### [YOUR ASSIGNMENT]
Copy the data exactly; pictures stay out of the copy.

### [MATERIAL PROVIDED]
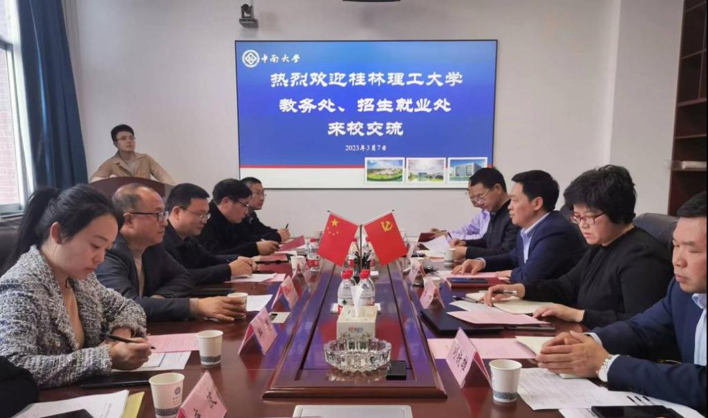 2023年3月7日下午,桂林理工大学教务处游少鸿处长、招生就业处迟国东处长一行7人来校调研教学管理经验、实习基地建设、人才培养和专业建设、本科招生就业等内容。我校本科生院院长何旭辉、副院长张柯、副院长邹金锋、本科生招生办公室主任刘铁雄,就业指导中心副主任陈晚云以及本科生院相关科室负责老师出席会议。会议由张柯副院长主持。
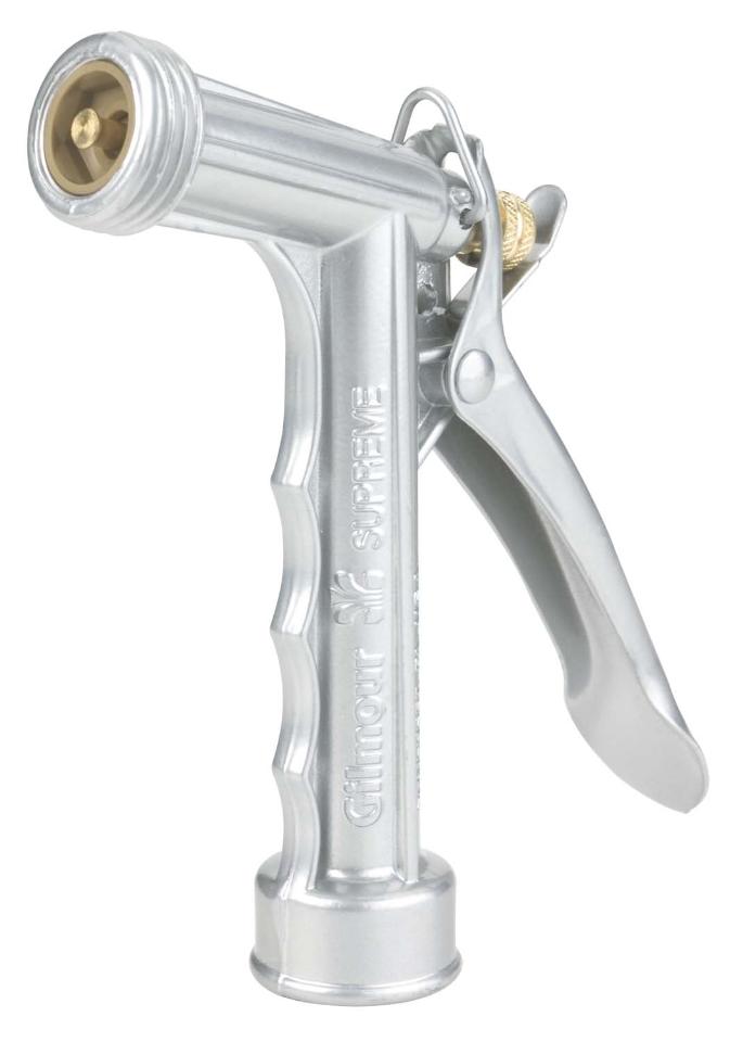 Full size metal pistol grip nozzle that features a threaded front. This allows you to attach an accessory to the front of the nozzle. Solid metal body. Solid brass valve stem with permanent adjusting nut. Hold-open clip for continuous spraying. Rust-resistant stainless steel spring. Self-adjusting duck packing for lifetime leakproof seal.
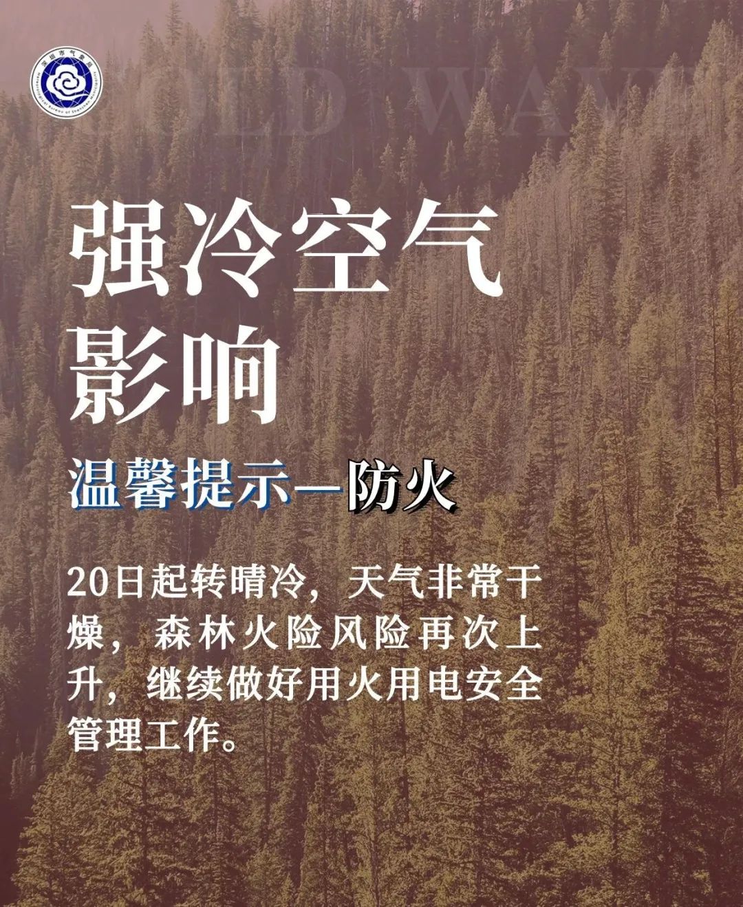 18-19日多云间阴天,气温小幅回升;展望20日受新一股强冷空气补充影响,最低气温进一步下降,转晴冷干燥天气,昼夜温差大。

### [EXERCISE ANSWER]
 2023年3月7日下午,桂林理工大学教务处游少鸿处长、招生就业处迟国东处长一行7人来校调研教学管理经验、实习基地建设、人才培养和专业建设、本科招生就业等内容。我校本科生院院长何旭辉、副院长张柯、副院长邹金锋、本科生招生办公室主任刘铁雄,就业指导中心副主任陈晚云以及本科生院相关科室负责老师出席会议。会议由张柯副院长主持。
 Full size metal pistol grip nozzle that features a threaded front. This allows you to attach an accessory to the front of the nozzle. Solid metal body. Solid brass valve stem with permanent adjusting nut. Hold-open clip for continuous spraying. Rust-resistant stainless steel spring. Self-adjusting duck packing for lifetime leakproof seal.
 18-19日多云间阴天,气温小幅回升;展望20日受新一股强冷空气补充影响,最低气温进一步下降,转晴冷干燥天气,昼夜温差大。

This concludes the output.